Recorded data:
********************

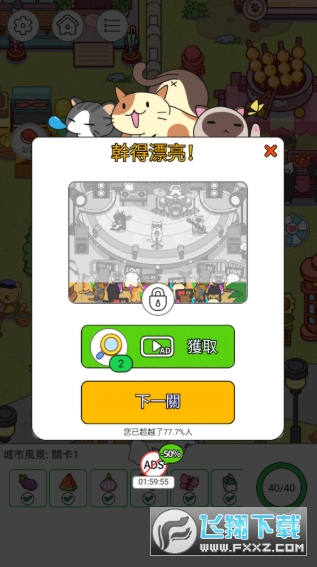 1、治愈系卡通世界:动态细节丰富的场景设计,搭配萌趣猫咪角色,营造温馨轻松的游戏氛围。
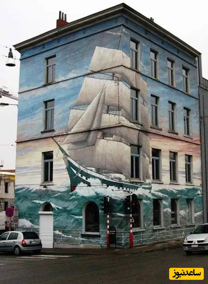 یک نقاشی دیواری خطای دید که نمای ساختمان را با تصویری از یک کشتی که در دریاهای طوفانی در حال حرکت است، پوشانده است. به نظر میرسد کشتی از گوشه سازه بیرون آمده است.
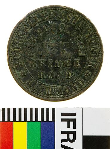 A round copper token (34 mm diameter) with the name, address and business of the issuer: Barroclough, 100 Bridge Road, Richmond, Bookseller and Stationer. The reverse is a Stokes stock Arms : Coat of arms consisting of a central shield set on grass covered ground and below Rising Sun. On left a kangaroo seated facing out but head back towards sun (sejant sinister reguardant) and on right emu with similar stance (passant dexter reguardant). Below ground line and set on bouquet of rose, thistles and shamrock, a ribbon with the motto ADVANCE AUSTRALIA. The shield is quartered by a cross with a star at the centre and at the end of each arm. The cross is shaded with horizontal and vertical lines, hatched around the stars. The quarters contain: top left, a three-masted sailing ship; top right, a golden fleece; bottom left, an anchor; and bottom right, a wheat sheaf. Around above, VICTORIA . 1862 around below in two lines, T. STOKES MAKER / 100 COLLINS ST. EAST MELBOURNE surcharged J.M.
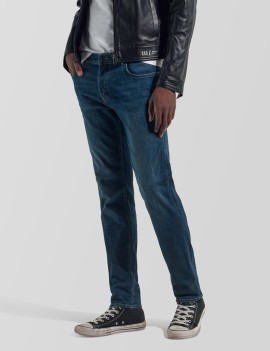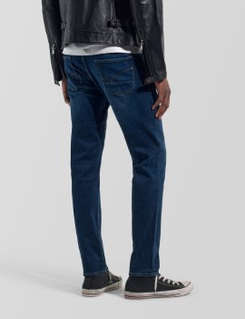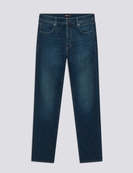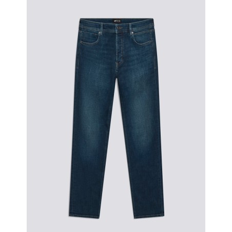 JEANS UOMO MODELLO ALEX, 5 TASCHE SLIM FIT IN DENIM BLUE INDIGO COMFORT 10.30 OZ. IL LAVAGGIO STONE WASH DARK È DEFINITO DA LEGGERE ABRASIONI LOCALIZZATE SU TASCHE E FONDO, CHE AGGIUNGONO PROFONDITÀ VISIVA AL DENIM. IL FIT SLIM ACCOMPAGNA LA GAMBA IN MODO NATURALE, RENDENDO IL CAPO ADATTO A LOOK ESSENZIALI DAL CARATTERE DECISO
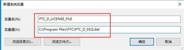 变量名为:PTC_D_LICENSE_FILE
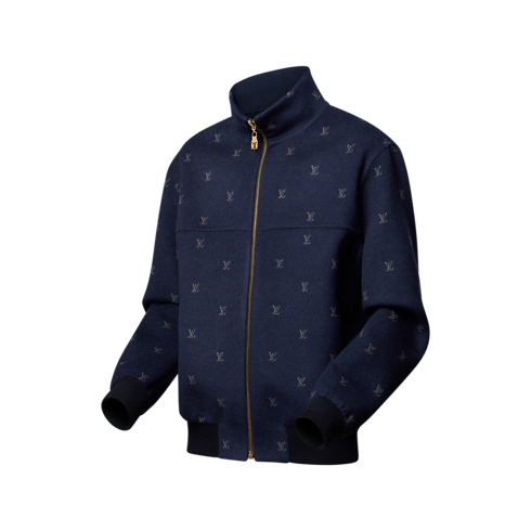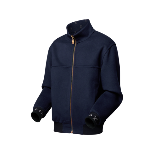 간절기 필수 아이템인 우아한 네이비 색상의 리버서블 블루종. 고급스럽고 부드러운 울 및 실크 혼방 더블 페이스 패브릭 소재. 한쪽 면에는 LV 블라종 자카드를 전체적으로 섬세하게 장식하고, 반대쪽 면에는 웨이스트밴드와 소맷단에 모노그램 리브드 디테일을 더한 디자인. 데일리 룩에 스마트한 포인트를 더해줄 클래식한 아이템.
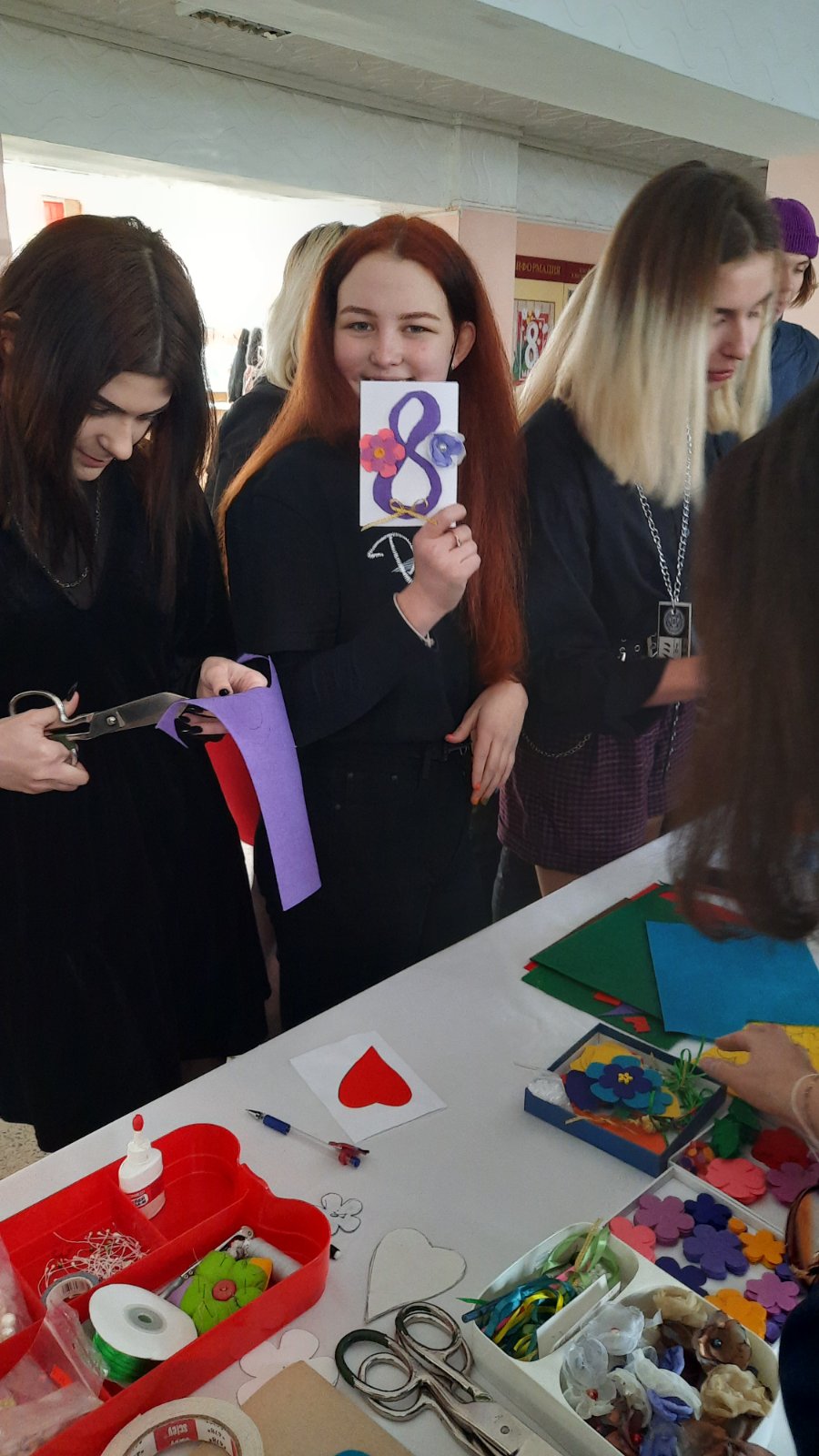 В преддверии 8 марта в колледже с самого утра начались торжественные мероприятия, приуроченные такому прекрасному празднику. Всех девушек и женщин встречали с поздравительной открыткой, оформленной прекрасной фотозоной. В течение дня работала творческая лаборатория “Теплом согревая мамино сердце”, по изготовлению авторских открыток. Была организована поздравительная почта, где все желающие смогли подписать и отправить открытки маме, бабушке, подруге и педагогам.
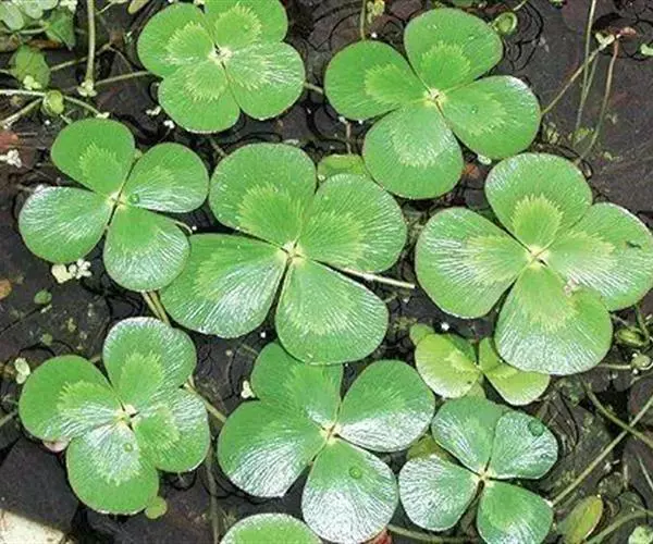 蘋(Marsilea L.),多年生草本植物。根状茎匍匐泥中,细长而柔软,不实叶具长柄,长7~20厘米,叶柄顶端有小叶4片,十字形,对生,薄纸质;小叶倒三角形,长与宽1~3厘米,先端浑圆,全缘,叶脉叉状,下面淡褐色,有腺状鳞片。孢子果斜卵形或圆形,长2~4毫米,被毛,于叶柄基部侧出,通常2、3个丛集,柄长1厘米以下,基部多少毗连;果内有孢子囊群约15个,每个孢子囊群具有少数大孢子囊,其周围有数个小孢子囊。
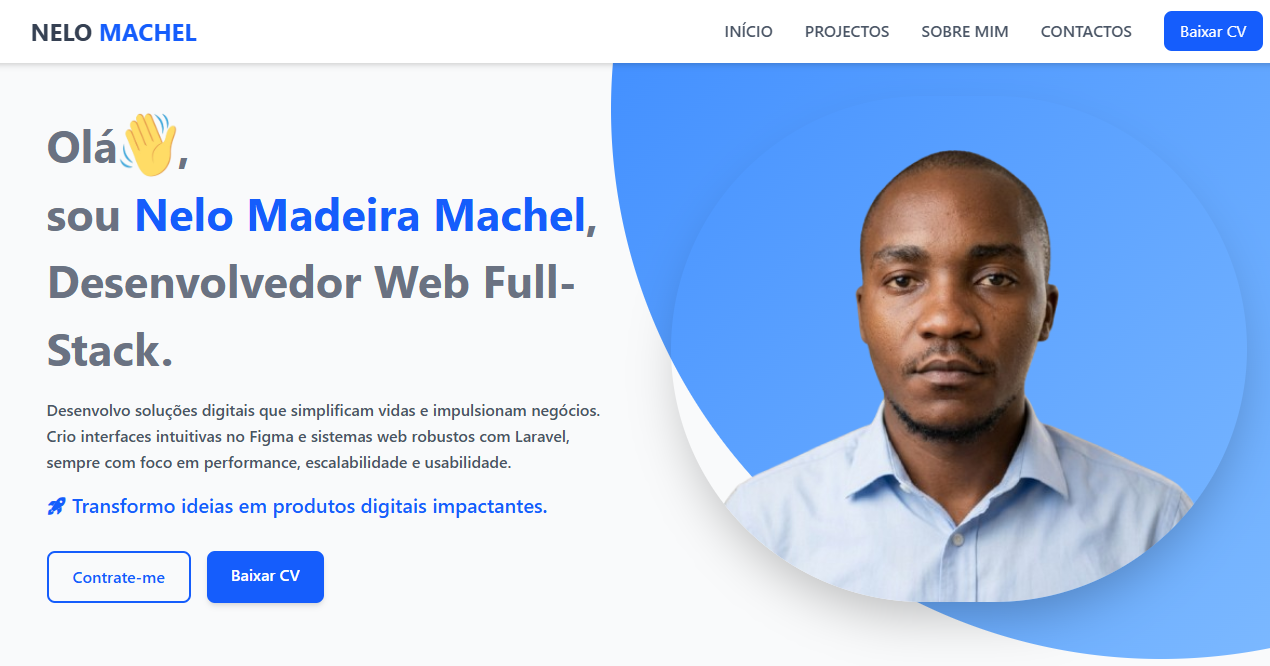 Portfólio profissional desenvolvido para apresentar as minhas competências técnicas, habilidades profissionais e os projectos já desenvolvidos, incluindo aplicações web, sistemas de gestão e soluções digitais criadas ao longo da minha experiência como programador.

********************

EXERCISE OBJECTIVE: A precise copy of each record, with the images removed, should be output.

ANSWER:
 1、治愈系卡通世界:动态细节丰富的场景设计,搭配萌趣猫咪角色,营造温馨轻松的游戏氛围。
 یک نقاشی دیواری خطای دید که نمای ساختمان را با تصویری از یک کشتی که در دریاهای طوفانی در حال حرکت است، پوشانده است. به نظر میرسد کشتی از گوشه سازه بیرون آمده است.
 A round copper token (34 mm diameter) with the name, address and business of the issuer: Barroclough, 100 Bridge Road, Richmond, Bookseller and Stationer. The reverse is a Stokes stock Arms : Coat of arms consisting of a central shield set on grass covered ground and below Rising Sun. On left a kangaroo seated facing out but head back towards sun (sejant sinister reguardant) and on right emu with similar stance (passant dexter reguardant). Below ground line and set on bouquet of rose, thistles and shamrock, a ribbon with the motto ADVANCE AUSTRALIA. The shield is quartered by a cross with a star at the centre and at the end of each arm. The cross is shaded with horizontal and vertical lines, hatched around the stars. The quarters contain: top left, a three-masted sailing ship; top right, a golden fleece; bottom left, an anchor; and bottom right, a wheat sheaf. Around above, VICTORIA . 1862 around below in two lines, T. STOKES MAKER / 100 COLLINS ST. EAST MELBOURNE surcharged J.M.
 JEANS UOMO MODELLO ALEX, 5 TASCHE SLIM FIT IN DENIM BLUE INDIGO COMFORT 10.30 OZ. IL LAVAGGIO STONE WASH DARK È DEFINITO DA LEGGERE ABRASIONI LOCALIZZATE SU TASCHE E FONDO, CHE AGGIUNGONO PROFONDITÀ VISIVA AL DENIM. IL FIT SLIM ACCOMPAGNA LA GAMBA IN MODO NATURALE, RENDENDO IL CAPO ADATTO A LOOK ESSENZIALI DAL CARATTERE DECISO
 变量名为:PTC_D_LICENSE_FILE
 간절기 필수 아이템인 우아한 네이비 색상의 리버서블 블루종. 고급스럽고 부드러운 울 및 실크 혼방 더블 페이스 패브릭 소재. 한쪽 면에는 LV 블라종 자카드를 전체적으로 섬세하게 장식하고, 반대쪽 면에는 웨이스트밴드와 소맷단에 모노그램 리브드 디테일을 더한 디자인. 데일리 룩에 스마트한 포인트를 더해줄 클래식한 아이템.
 В преддверии 8 марта в колледже с самого утра начались торжественные мероприятия, приуроченные такому прекрасному празднику. Всех девушек и женщин встречали с поздравительной открыткой, оформленной прекрасной фотозоной. В течение дня работала творческая лаборатория “Теплом согревая мамино сердце”, по изготовлению авторских открыток. Была организована поздравительная почта, где все желающие смогли подписать и отправить открытки маме, бабушке, подруге и педагогам.
 蘋(Marsilea L.),多年生草本植物。根状茎匍匐泥中,细长而柔软,不实叶具长柄,长7~20厘米,叶柄顶端有小叶4片,十字形,对生,薄纸质;小叶倒三角形,长与宽1~3厘米,先端浑圆,全缘,叶脉叉状,下面淡褐色,有腺状鳞片。孢子果斜卵形或圆形,长2~4毫米,被毛,于叶柄基部侧出,通常2、3个丛集,柄长1厘米以下,基部多少毗连;果内有孢子囊群约15个,每个孢子囊群具有少数大孢子囊,其周围有数个小孢子囊。
 Portfólio profissional desenvolvido para apresentar as minhas competências técnicas, habilidades profissionais e os projectos já desenvolvidos, incluindo aplicações web, sistemas de gestão e soluções digitais criadas ao longo da minha experiência como programador.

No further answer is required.